The private investment firm has repurchased the 70-store retail company, which includes souvenir and Harvey Davidson stores in Las Vegas and Atlantic City, after previously acquiring the company just five years ago.

ICV Capital Partners has acquired the retailer, Marshall Retail Group, for a second time in just five years for an undisclosed sum.

The New York-based private investment firm said it bought the retail company, which operates 70 stores in 25 casinos and locations in Las Vegas, Atlantic City, Fort Lauderdale and Tunica in Mississippi, after previously selling it in 2005. Five years ago, ICV bought the company from the Marshall family, selling it two years later to private equity firm Bruckmann, Rosser, Sherrill & Co.

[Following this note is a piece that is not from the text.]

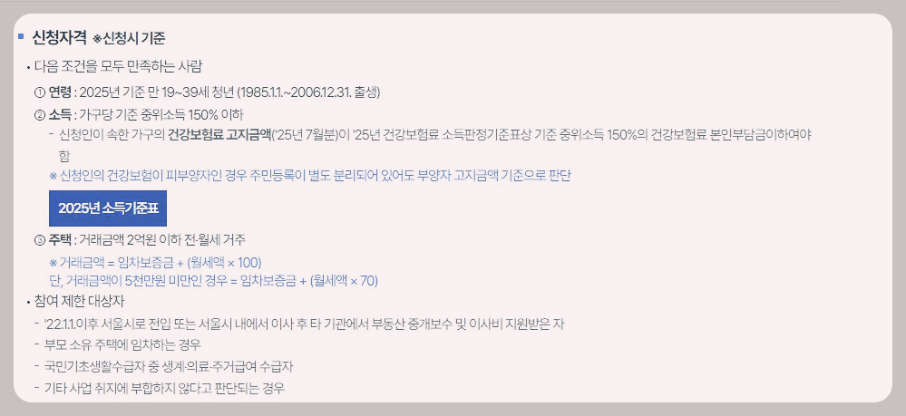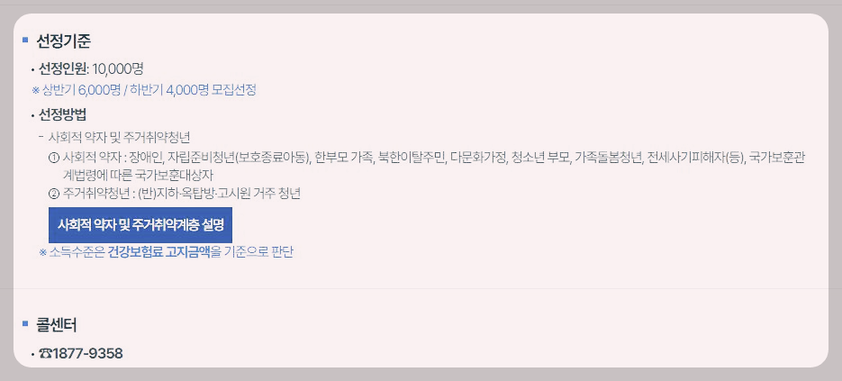 ✅ 우선 선발: 사회적 약자 및 주거취약 청년 중심, 이후 소득 낮은 순으로

In a statement yesterday, Willie Woods, co-founder and managing director of ICV, said the firm had maintained a minority stake in Marshall following the sale. He added that ICV’s former knowledge of the retailer would help grow the business further.

During its original investment period, ICV helped Marshall’s upgrade its IT system, improve the management team and expand the retailer’s footprint, from around 50 to 70, according to the firm’s website. That investment was made through the firm’s first fund. The current Marshall deal is being made through ICV’s second fund, the $313 million (€221 million) ICV II vehicle.

Marshall sells logo, souvenir, sundry and apparel products, including Harley Davidson-licensed products in casinos and other stores including Caesars Palace, the MGM Grand and the Venetian in Las Vegas, and the Borgata in Atlantic City.

Las Vegas casinos have experienced a steady decline in gambling revenue this year as US consumers struggle with high gasoline prices and the rising cost of air travel. In August, Boyd Gaming Corp., one of the oldest and most respected Las Vegas gambling companies, said financing problems had caused it to suspend construction of a $4.8 billion resort complex on the Las Vegas Strip.

Michael Wilkins, chief executive officer of Marshall, said emerging markets within Las Vegas, such as Poconos and the Midwest, were creating “avenues for growth in new venues.”